When L pieces of independent evidence e_i (i = 1, 2, …, L) are combined, the recursion formula of the ER rule can be used to integrate multiple pieces of evidence [19]. The recursion formula is as given in Equation (11):

$$\begin{array}{c}{p}_{\theta ,e(L)}=\left\{\begin{array}{lll}0\hfill & \hfill & \theta =\varnothing \hfill \\ {\widehat{m}}_{\theta ,e(L)}/{\displaystyle {\sum }_{D\subseteq \Theta }{\widehat{m}}_{D,e(L)}}\hfill & \hfill & \theta \subseteq \Theta ,\theta \ne \varnothing \hfill \end{array}\right.\\ {\widehat{m}}_{\theta ,e(i)}=[(1-r_i)m_{\theta ,e(i-1)}+m_{P(\Theta ),e(i-1)}{m}_{\theta ,i}]+{\displaystyle {\sum }_{B\cap C=\theta }{m}_{B,e(i-1)}{m}_{C,i}}\hspace{1em}\forall \theta \subseteq \Theta \\ {\widehat{m}}_{P(\Theta ),e(i)}=(1-r_i)m_{P(\Theta ),e(i-1)}\end{array}$$

(11)

Remark 7.

R_j is an objective and intrinsic property of e_j, which reflects the ability of the information source generating e_j to provide an accurate assessment or solution for a given problem [26]. However, w_j is subjective and can be determined by users based on their experience. When different pieces of evidence are obtained from different sources in different ways, w_j can be used to reflect the importance of one piece of evidence relative to others.

Remark 8.

In the ER rule, the degree of residual support (1 – r_j) after a discount will be reassigned to the power set P(Θ) instead of being assigned specifically to the FoD.

3. Shaft Speed Control Model of the MEP System Based on the ER Rule

3.1. Framework

Figure 3 indicates the structure of the shaft speed control model based on the adaptive ER-PID controller.

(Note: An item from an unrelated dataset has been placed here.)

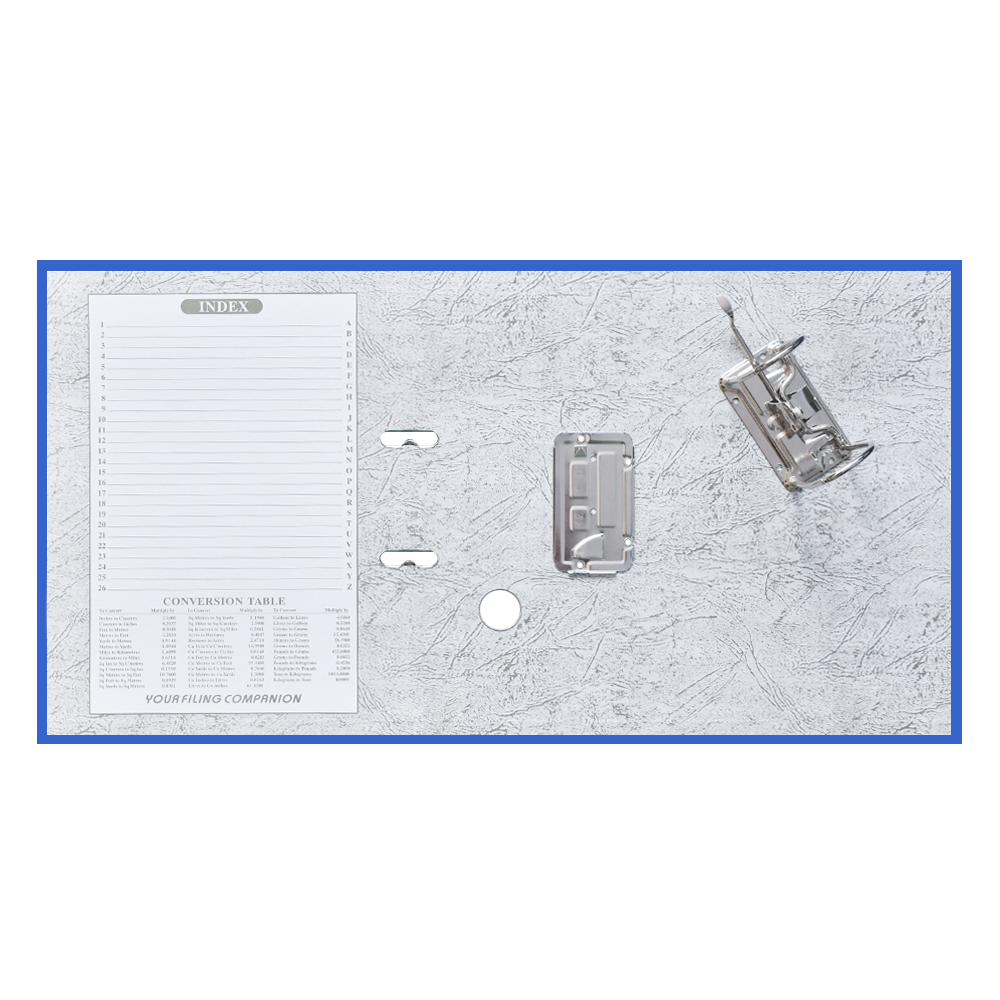 Emelőkaros iratrendező általános használatra. Kívül PP, belül fehér karton borítással, kihúzólyukkal. Cserélhető gerinccímke a feliratozáshoz. Tárolókapacitás 350 lap (A4 80gr.). A terméket lapra szerelve szállítjuk, a mellékelt emelőkaros szerkezet bepattintása gyors és egyszerű, 5 másodperc alatt elvégezhető és iratrendezőnk máris használatra kész! Katalóguskód: 12056

In this study, the design of the ER-PID controller was the core of this work. After that, n_r acts on the ER-PID controller to generate the commanded torque Q_c0, and then the commanded motor torque Q_c can be obtained via the torque-limiting module. Finally, T_a and Q_a were generated through the propulsion unit, and the motor torque Q_m acts on the shaft so that the shaft speed n can always track the shaft speed reference n_r. The process of the ER-PID controller is shown in Figure 4.

Step 1 (obtain the parameters of the ER-PID controller): First, a shaft speed control model based on the BP-PID controller is constructed to generate the empirical data set, and IREMs (IREM_P, IREM_I, and IREM_D for K_P, K_I, and K_D, respectively) are generated. Then, for the specific input sample X(k) = [f₁(k), f₂(k)] = [n_r(k), n(k − 1)], the activated evidence can be acquired after being substituted into the IREM_P, IREM_I, and IREM_D. Furthermore, the estimated values of the shaft speed ($\widehat{n}(k)$) can be obtained via the ER rule. The reasoning process is detailed in Section 3.2.

Step 2 (optimization of the ER-PID controller model): The ER-PID model constructed using the initial parameters may not accurately capture the complex nonlinear relationship between the input feature f_i (i = 1,2) and the output (K_P, K_I, or K_D). Therefore, the minimum mean square error (MSE) between the estimated value of the shaft speed ($\widehat{n}(k)$) and the shaft speed reference (n_r) is selected as the objective function, and the SLP algorithm is used to optimize the parameters of the ER-PID controller model to improve the accuracy of the shaft speed control. The process is detailed in Section 3.3.

Step 3 (local iterative optimization strategy): Based on step 2, the SLP algorithm is selected to optimize and update the model parameters locally at time k. Then, the optimal parameters are used as the initial parameters of the model at time k + 1. Then, the system returns to step 2 to conduct the inference process at time k + 1. The reasoning process is detailed in Section 3.4.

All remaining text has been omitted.